#### [Exercise directions]
Repeat the entries below exactly as they appear, with no pictures.
======== Dataset content
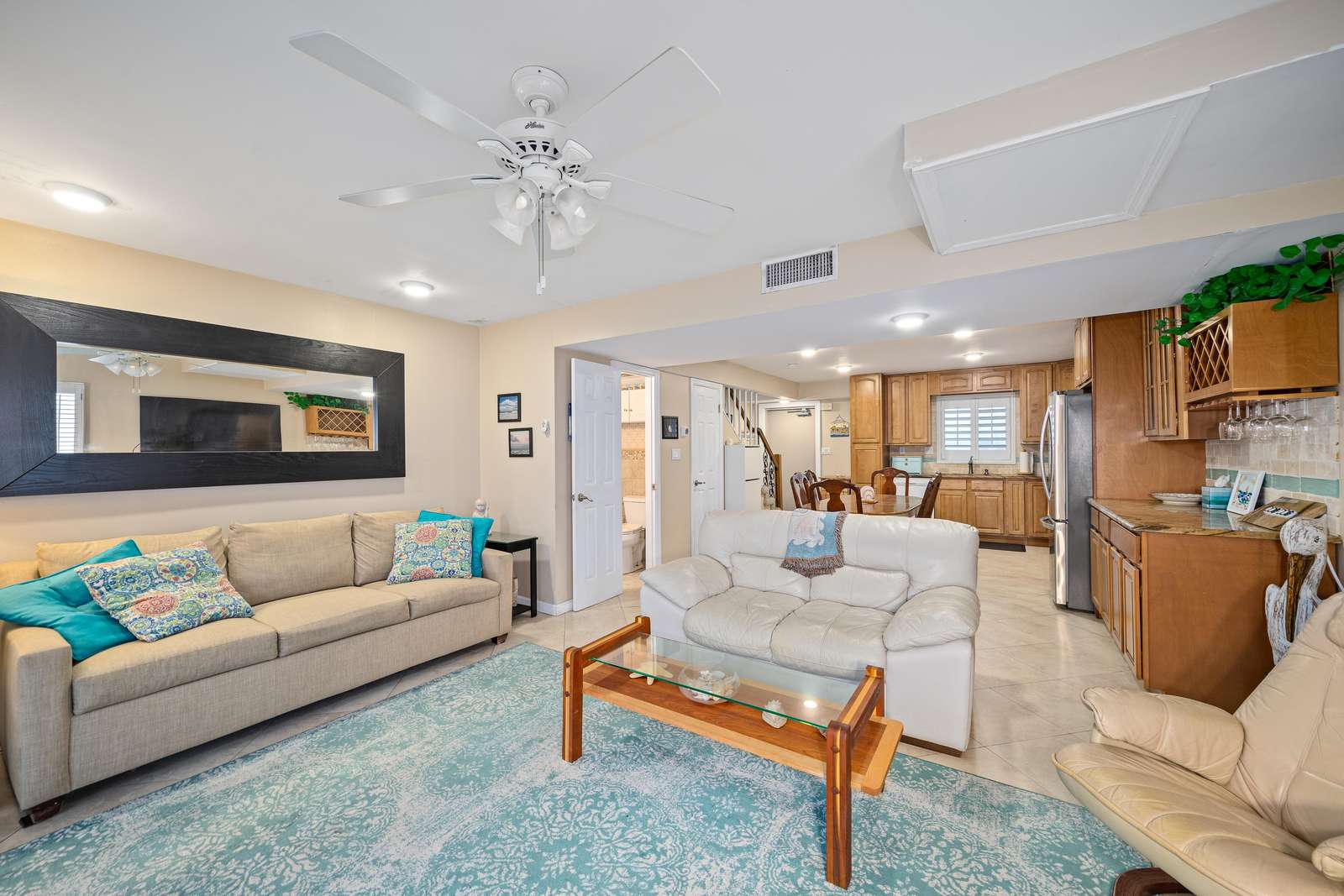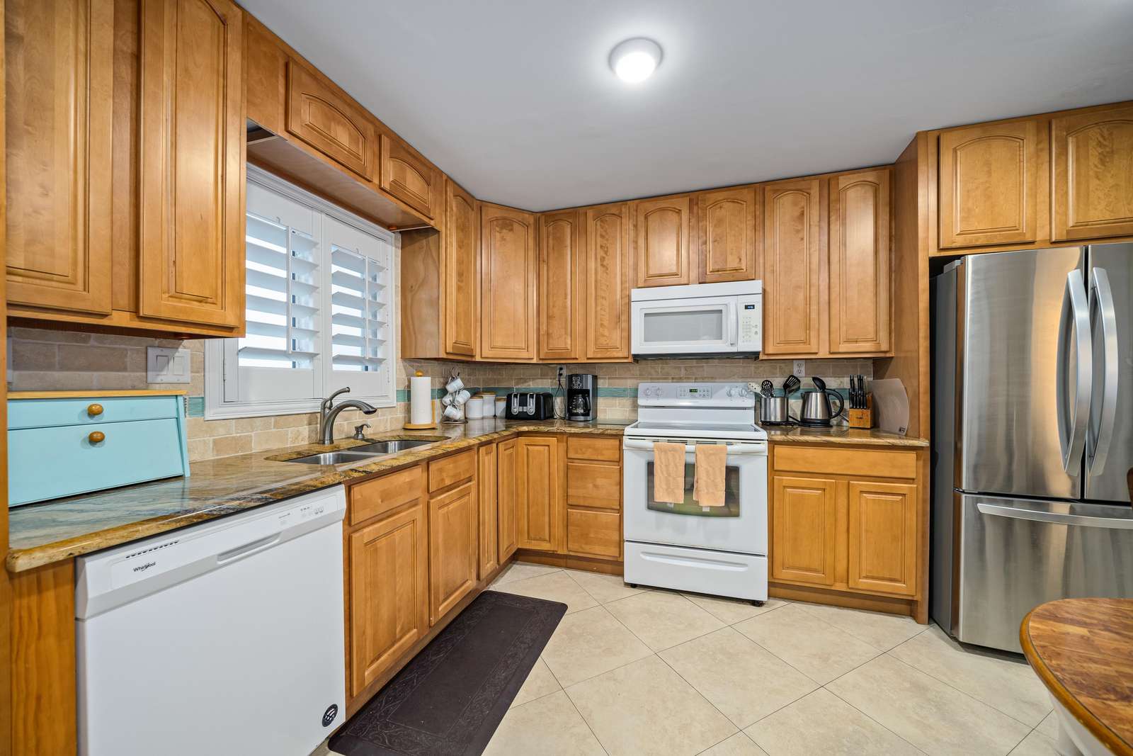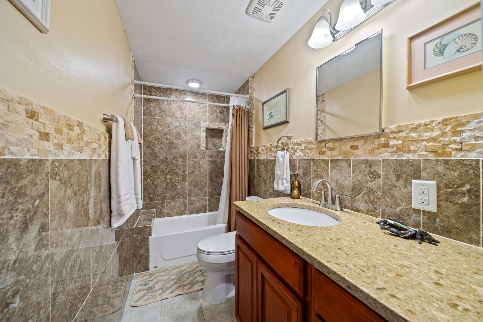 Corner unit allows great views up the beach and directly out to the ocean. 2 bedrooms with 2 1/2 baths. Master bedroom has king bed. Second bedroom includes two queen beds. Bedrooms and two baths upstairs, kitchen, dining, living area, and 1/2 bath downstairs. Combined living room and dining area with full kitchen. Deck allows great view of the ocean, and second-floor location gives a wonderful view of the beach and pool. Relax in the large pool or on the beach; it's all right here!
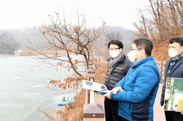 [피디언] 최종환 파주시장이 지난 1일 공릉호수 개발사업과 관련해 공릉관광지 내 공릉호수 산책로 조성지역 현장을 점검했다.
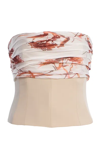 SEV's bridal and guest-of collections are designed with a minimal; yet impactful perspective that resonates understated elegance.Made from lightly boned wool; this strapless top features a printed voile panel that drapes over the bust. Complete the look with the [matching skirt](https://www.modaoperandi.com/women/p/sophie-et-voila/draped-viscose-print-skirt/724373).
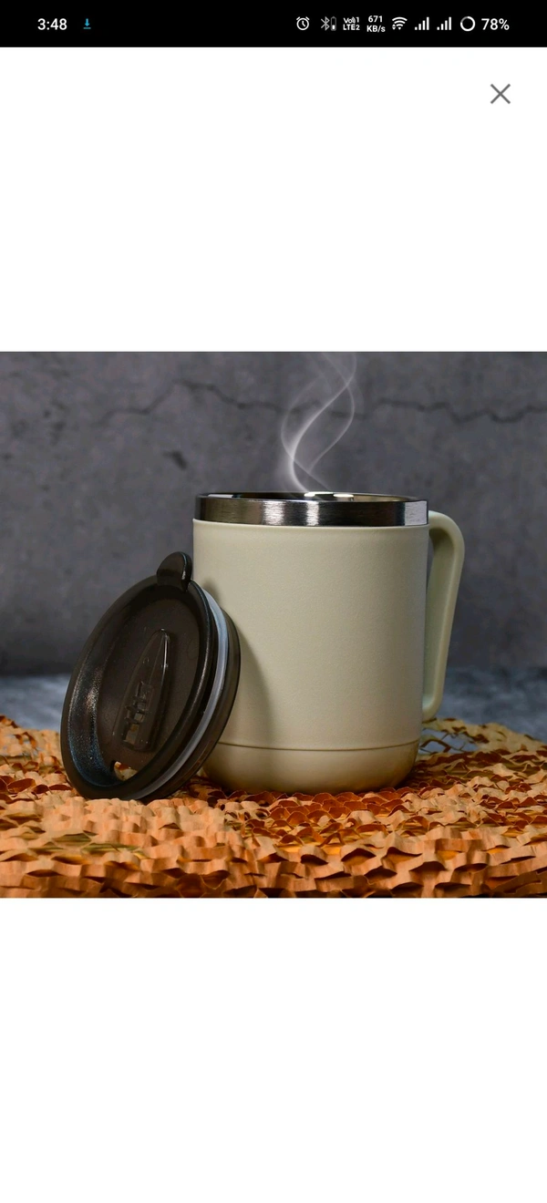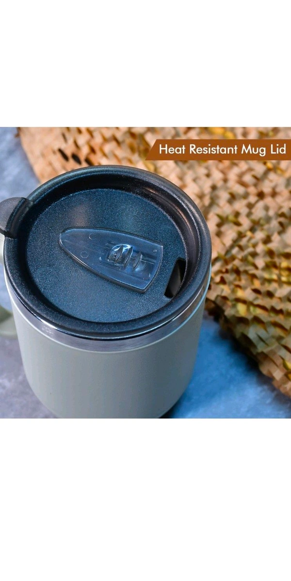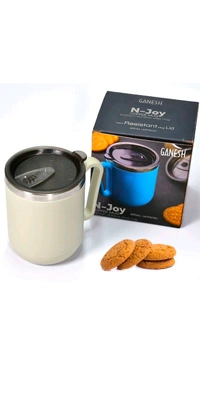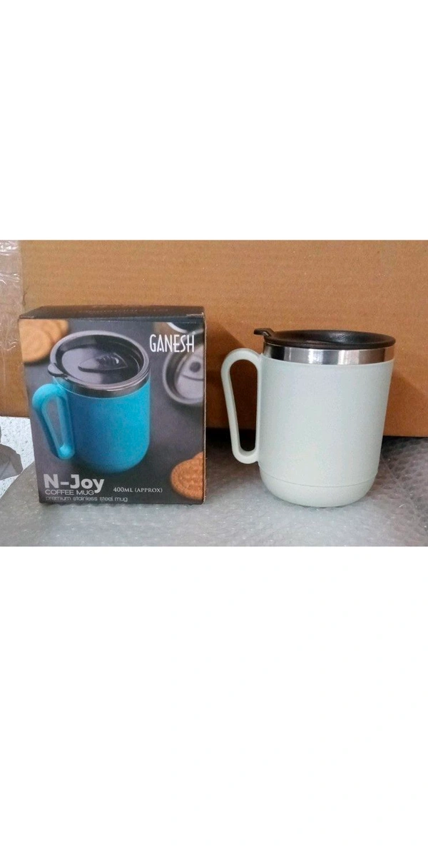Ganesh Premium Stainless Steel Coffee Mug with heat resistant mug lid. Approx 400Ml mug.
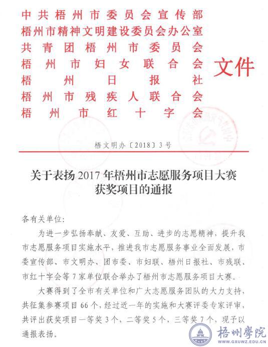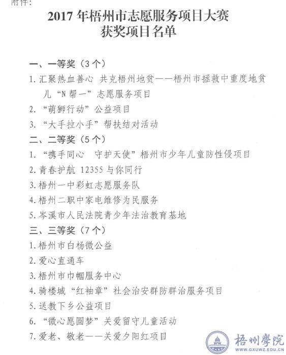 近日,从共青团梧州市委员会获悉,我校志愿服务项目“萌狮行动”荣获2017年梧州市志愿服务项目大赛一等奖。
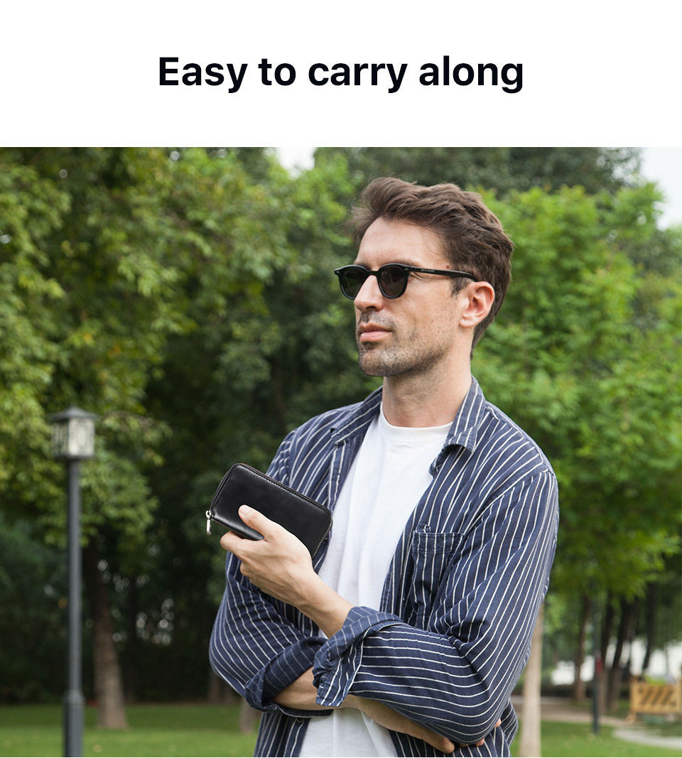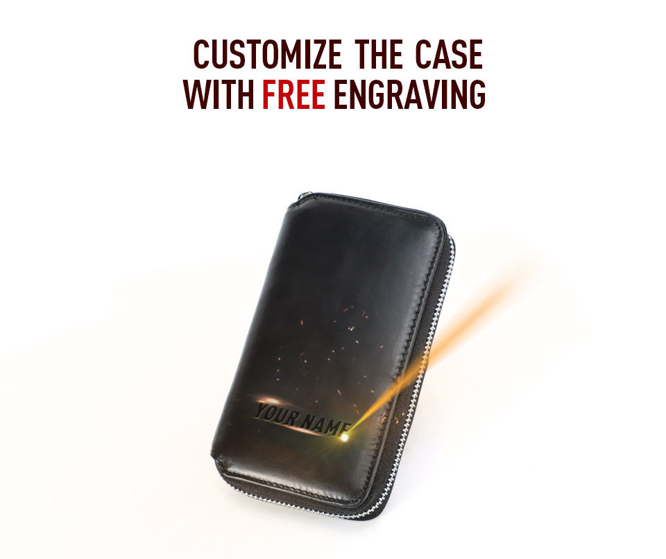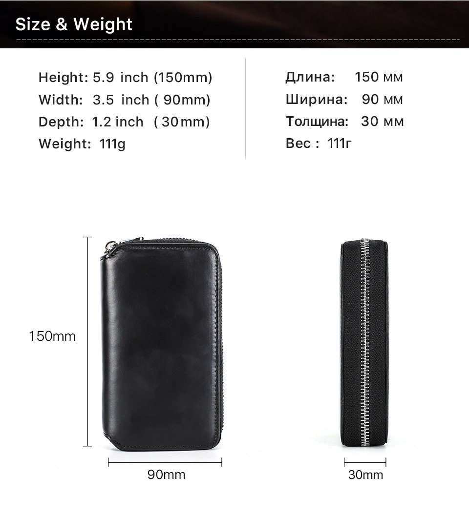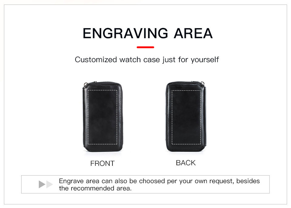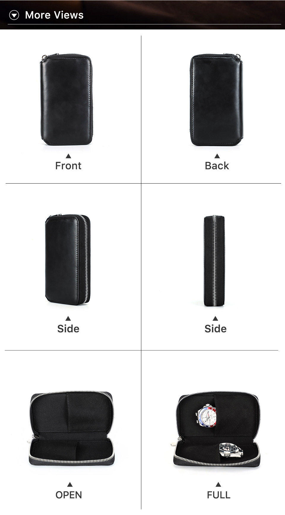 Black Waxed Cowhide Watch Case Two-Position Outdoor Travel Zipper Portable Genuine Leather Couple Watch Storage Bag
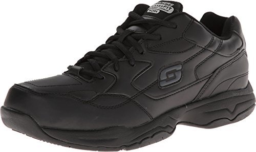 Supportive work shoe showcasing lace-up vamp, logos on tongue/aspect, and bolstered stitching
================
#### [Completed exercise]
 Corner unit allows great views up the beach and directly out to the ocean. 2 bedrooms with 2 1/2 baths. Master bedroom has king bed. Second bedroom includes two queen beds. Bedrooms and two baths upstairs, kitchen, dining, living area, and 1/2 bath downstairs. Combined living room and dining area with full kitchen. Deck allows great view of the ocean, and second-floor location gives a wonderful view of the beach and pool. Relax in the large pool or on the beach; it's all right here!
 [피디언] 최종환 파주시장이 지난 1일 공릉호수 개발사업과 관련해 공릉관광지 내 공릉호수 산책로 조성지역 현장을 점검했다.
 SEV's bridal and guest-of collections are designed with a minimal; yet impactful perspective that resonates understated elegance.Made from lightly boned wool; this strapless top features a printed voile panel that drapes over the bust. Complete the look with the [matching skirt](https://www.modaoperandi.com/women/p/sophie-et-voila/draped-viscose-print-skirt/724373).
Ganesh Premium Stainless Steel Coffee Mug with heat resistant mug lid. Approx 400Ml mug.
 近日,从共青团梧州市委员会获悉,我校志愿服务项目“萌狮行动”荣获2017年梧州市志愿服务项目大赛一等奖。
 Black Waxed Cowhide Watch Case Two-Position Outdoor Travel Zipper Portable Genuine Leather Couple Watch Storage Bag
 Supportive work shoe showcasing lace-up vamp, logos on tongue/aspect, and bolstered stitching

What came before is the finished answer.